The sector's net foreign exchange contribution to the national economy has been undermined by high levels of off-shore retention. Mining companies retain on the average 75% of their earnings in off-shore accounts which denies the domestic economy the opportunity of benefit from the mineral wealth so generated.
Similarly, the sector's contribution to government revenue has been relatively minimal in light of huge capital allowances and tax holidays, and the practice of deferred royalty payment.
The sector has relatively limited capacity to generate the perceived employment because surface mining, which has been predominant following the radical policy reforms, is capital-intensive with relatively low labour requirements.
Local communities at the fringes of mines have suffered and continue to suffer various degrees of adverse impact of mining operations. The problems associated with the Bonte Gold Mines liquidation is a recent case that best illustrates such adverse impact of mining. Some communities have suffered militaristic attacks, others have had their water sources polluted, their land destroyed, and many of them continue to suffer low and inadequate compensation packages. Concerns have also been expressed about inadequate housing, youth unemployment, family disorganisation, school dropouts, prostitution and drug abuse associated with the mining boom.
2.0 Issues of concern
We members of the NCOM are deeply concerned about the nature and implications of the new mining boom. In many ways the boom is a re-run of the colonial experience with the country's non-renewal resources (in particular gold) being exploited primarily for the benefit of foreign interests with little developmental value to national economy while also causing destructive impact on the environment and the livelihood of communities near the mining sites.

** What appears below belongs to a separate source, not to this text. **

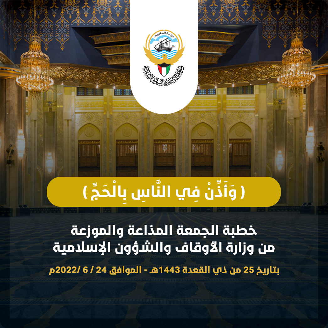 خطبة الجمعة المذاعة والموزعة من وزارة الأوقاف والشؤون الإسلامية بتاريخ 23 من ذي الحجة 1443هـ - الموافق 22 / 7 / 2022م
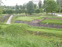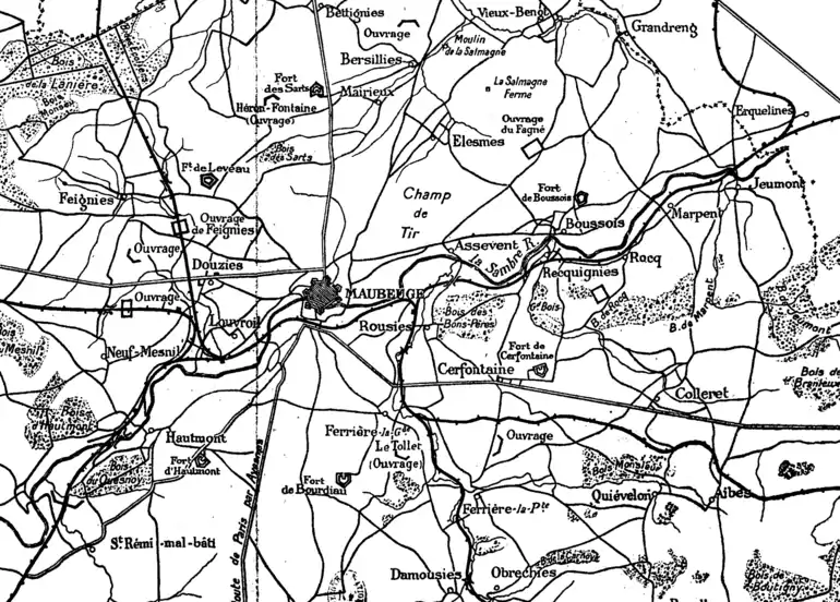After the Franco-Prussian War of 1870–1871 the French built more fortresses on the German border and extended the frontier fortifications northwards with new building at Hirson, Maubeuge, Lille and Dunkirk.[1] Raymond Adolphe Séré de Rivières oversaw the creation of a ring fortress, le camp retranché de Maubeuge (the Entrenched Camp of Maubeuge) with the construction of six forts and seven intermediate fortifications (ouvrages, fortified shelters).[2] The town walls, 500–600 m (550–660 yd) in diameter, had been built by Marshal Sébastien de Vauban in the seventeenth century. Forts de Boussois, des Sarts, de Leveau, d'Hautmont, du Bourdiau and Fort de Cerfontaine were built about 3–6 km (1.9–3.7 mi) beyond the city walls, on a circumference of about 32 km (20 mi). The forts were pre-1885 masonry types except for du Bourdiau, which had a concrete shell, capable of resisting some modern heavy artillery.[3]

2.1 Absence of a National Mining Policy
The Coalition is concerned that with all the reforms and revisions and with all the virtues extolled on the minerals and mining sector there is no national policy that gives definition and direction to the on-going reforms and the excessive exploitation of the country's non-renewable natural resources. From 1983 to date, various pieces of legislation have either been promulgated or revised in order to facilitate mining sector development. The most fundamental changes included:
- Promulgation of the Minerals and Mining Law, 1986, PNDCL 153
- Establishment of the Minerals Commission, 1986, PNDCL 154
- The Minerals (Royalties) Regulations, L.I. 1349, 1987
- Additional Profit Tax Law PNDCL 122, 1987
- Promulgation of Small-Scale Mining Law in 1989, PDCL 218
- The Precious Marketing Corporation Law, 1989 (PNDCL 219)
- Establishment of Precious Minerals Marketing Corporation, 1989
- Establishment of Environmental Protection Agency in 1994
- Drawing up of mining environmental guidelines in 1994
- The Minerals and Mining (Amendment) Act 1994
- Review of mining environmental guidelines in 1999.
- Divestiture of state-owned mines from 1992 to 1999
Despite the many pieces of legislation, the absence of a national policy does not provide a framework for a collective vision interlinked with other sectors in the overall national development effort. The policy absence does not also offer the opportunity for setting out hierarchy of objectives for the mining sector neither does it provide for collective national strategies, roles and responsibilities as well as standards for achieving set objectives.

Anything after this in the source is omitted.